* _The task_:
The listing below contains a span that opens with the line containing "1#White bear doll" and closes with the line containing "4.6. Antimicrobial Activity". Return that span exactly.

* _Material for this exercise_:
---*---

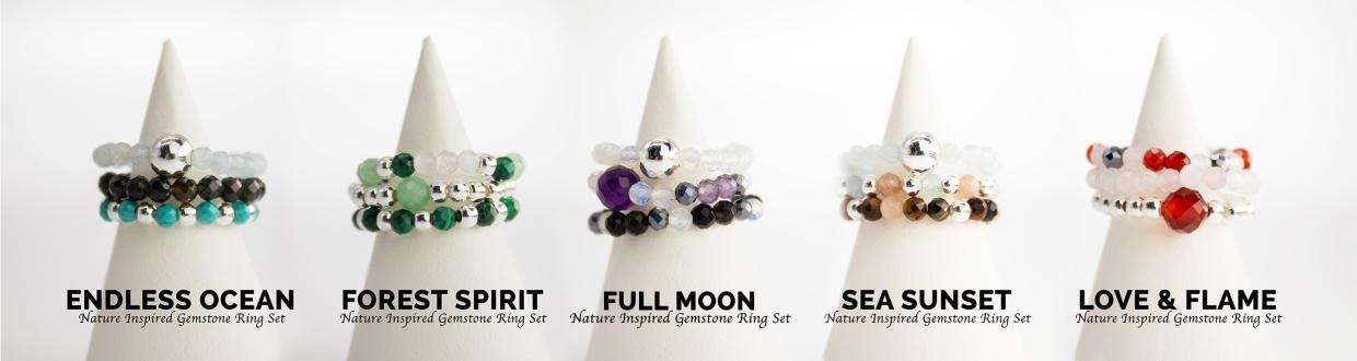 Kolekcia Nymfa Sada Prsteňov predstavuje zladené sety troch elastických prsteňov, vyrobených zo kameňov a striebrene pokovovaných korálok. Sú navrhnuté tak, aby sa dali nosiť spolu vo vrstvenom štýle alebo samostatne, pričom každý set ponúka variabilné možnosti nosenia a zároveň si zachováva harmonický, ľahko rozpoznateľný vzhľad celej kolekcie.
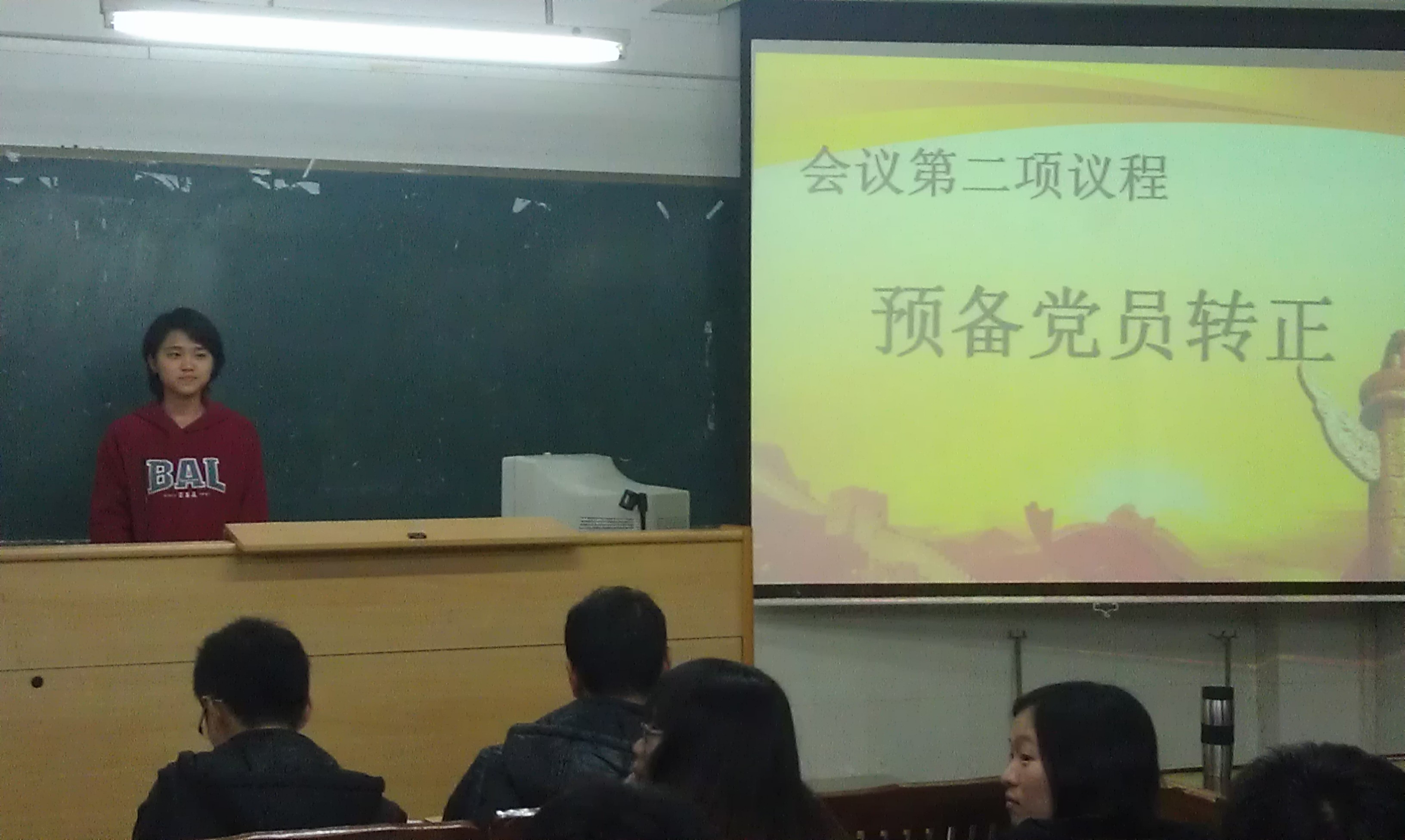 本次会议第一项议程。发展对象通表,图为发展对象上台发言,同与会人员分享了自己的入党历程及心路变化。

---*---

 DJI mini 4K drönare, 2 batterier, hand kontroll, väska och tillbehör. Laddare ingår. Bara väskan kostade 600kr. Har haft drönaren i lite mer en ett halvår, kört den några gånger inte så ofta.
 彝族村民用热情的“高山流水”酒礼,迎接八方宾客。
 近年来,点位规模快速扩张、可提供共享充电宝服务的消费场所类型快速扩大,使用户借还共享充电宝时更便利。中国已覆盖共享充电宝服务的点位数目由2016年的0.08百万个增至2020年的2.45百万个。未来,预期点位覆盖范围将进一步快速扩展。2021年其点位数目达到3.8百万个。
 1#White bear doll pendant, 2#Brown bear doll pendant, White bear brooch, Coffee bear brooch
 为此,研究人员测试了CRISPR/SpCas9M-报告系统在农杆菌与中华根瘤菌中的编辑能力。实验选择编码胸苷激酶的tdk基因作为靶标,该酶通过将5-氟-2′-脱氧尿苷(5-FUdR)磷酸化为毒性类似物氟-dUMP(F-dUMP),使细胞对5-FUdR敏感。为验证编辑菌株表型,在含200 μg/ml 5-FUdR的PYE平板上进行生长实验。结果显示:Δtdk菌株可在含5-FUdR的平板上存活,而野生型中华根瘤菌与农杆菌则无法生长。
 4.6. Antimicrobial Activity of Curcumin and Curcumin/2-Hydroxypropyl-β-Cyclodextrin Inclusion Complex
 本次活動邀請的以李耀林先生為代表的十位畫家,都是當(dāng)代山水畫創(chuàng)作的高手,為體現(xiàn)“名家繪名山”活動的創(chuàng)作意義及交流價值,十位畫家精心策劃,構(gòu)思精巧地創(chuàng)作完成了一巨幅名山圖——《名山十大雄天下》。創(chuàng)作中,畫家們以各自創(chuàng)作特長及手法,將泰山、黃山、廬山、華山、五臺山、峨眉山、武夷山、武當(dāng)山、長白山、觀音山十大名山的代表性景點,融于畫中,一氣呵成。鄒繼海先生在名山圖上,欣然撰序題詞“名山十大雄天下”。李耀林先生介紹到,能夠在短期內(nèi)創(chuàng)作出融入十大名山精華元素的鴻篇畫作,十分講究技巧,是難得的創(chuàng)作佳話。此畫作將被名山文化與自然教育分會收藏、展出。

---*---

* _Solution to this exercise_:
 1#White bear doll pendant, 2#Brown bear doll pendant, White bear brooch, Coffee bear brooch
 为此,研究人员测试了CRISPR/SpCas9M-报告系统在农杆菌与中华根瘤菌中的编辑能力。实验选择编码胸苷激酶的tdk基因作为靶标,该酶通过将5-氟-2′-脱氧尿苷(5-FUdR)磷酸化为毒性类似物氟-dUMP(F-dUMP),使细胞对5-FUdR敏感。为验证编辑菌株表型,在含200 μg/ml 5-FUdR的PYE平板上进行生长实验。结果显示:Δtdk菌株可在含5-FUdR的平板上存活,而野生型中华根瘤菌与农杆菌则无法生长。
 4.6. Antimicrobial Activity of Curcumin and Curcumin/2-Hydroxypropyl-β-Cyclodextrin Inclusion Complex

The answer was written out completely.